Trying to run:
val outputDF = hiveContext.createDataFrame(myRDD, schema)
Getting this error:
Caused by: java.lang.RuntimeException: scala.Tuple2 is not a valid external type for schema of struct<col1name:string,col2name:string>
myRDD.take(5).foreach(println)
[string number,[Lscala.Tuple2;@163601a5]
[1234567890,[Lscala.Tuple2;@6fa7a81c]
data of the RDD:
RDD[Row]: [string number, [(string key, string value)]]
Row(string, Array(Tuple(String, String)))

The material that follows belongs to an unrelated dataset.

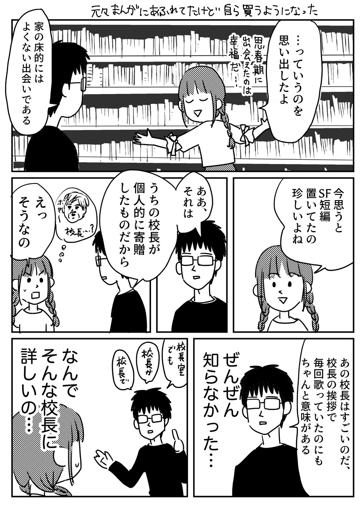思春期に夢中になったものの影響ってすごいよねって話 2019年09月25日 寄贈のこととか他誰からも聞いたことなかったよ… 今日の漫画、漫画オタク以外読んでも楽しくない気がしたので好きに描きました。 私は出木杉くんとスネ吉兄さんが好きです。 出木杉警察なので、もし出来杉って言い出したら全員訂正入れますのでよろしくお願いします。 絶版とか書きましたけど今Kindleで普通にありました。 わしが買おうとしてた時には絶版だったんじゃ…(老人の呟き) ↓読者登録すると、LINE通知で更新情報が届きます↓応援クリック嬉しいです!おもしろ日記ランキングにほんブログ村 「漫画」カテゴリの最新記事 タグ :#藤子F不二雄#中学生#兄#SF短編 < 前の記事次の記事 > コメント コメント一覧 (5) 1. むぅ 2019年09月26日 06:49 藤子不二雄のミノタウロスの皿が好きです 0 恵水 がしました 2. 恵水 2019年09月27日 09:50 >>1 王道ですね〜! 0 恵水 がしました 3. ぽてと 2019年12月14日 13:11 F信者になったのも異色短編集とT・Pぼんがきっかけです あの四冊だけでこの世の漫画全部抹消しても良いくらい面白いのでは…?と思い込んでいた過激派でもあります笑 ちなみに周りに薦めたら10割絶賛&高評価でした笑 「定年退職」の最後のコマの「わしらのせきは、もうどこにもないのさ」はFのセンスが凝縮されてました 0 恵水 がしました 4. ぽてと 2019年12月14日 18:28 >>3 「定年退食」だった‥ 0 恵水 がしました 5. 恵水 2019年12月20日 20:40 >>3 TPぼんも大好きです!!!!!!!リームはいい女だ。 「異色」とはありますが、Fの凄さを一般人に分かりやすく伝える最も布教しやすい本だと思っています。ドラえもん他の凄さは結構馴染み過ぎてわかりやすいので… 0 恵水 がしました コメントフォーム 名前 コメント 記事の評価 リセット リセット 顔 星 情報を記憶 コメントを投稿する

where the tuple2 contains data like this:
(string key, string value)
schema:
schema:
root
|-- col1name: string (nullable = true)
|-- col2name: array (nullable = true)
| |-- element: struct (containsNull = true)
| | |-- col3name: string (nullable = true)
| | |-- col4name: string (nullable = true)
StructType(
StructField(col1name,StringType,true),
StructField(col2name,ArrayType(
StructType(
StructField(col3name,StringType,true),
StructField(col4name,StringType,true)
),
true
),
true
)
)
This code was used to run in spark 1.6 before and didn't have problems. In spark 2.4, it appears that tuple2 doesn't count as a Struct Type? In that case, what should it be changed to?
I'm assuming the easiest solution would be to adjust the schema to suite the data.
Let me know if more details are needed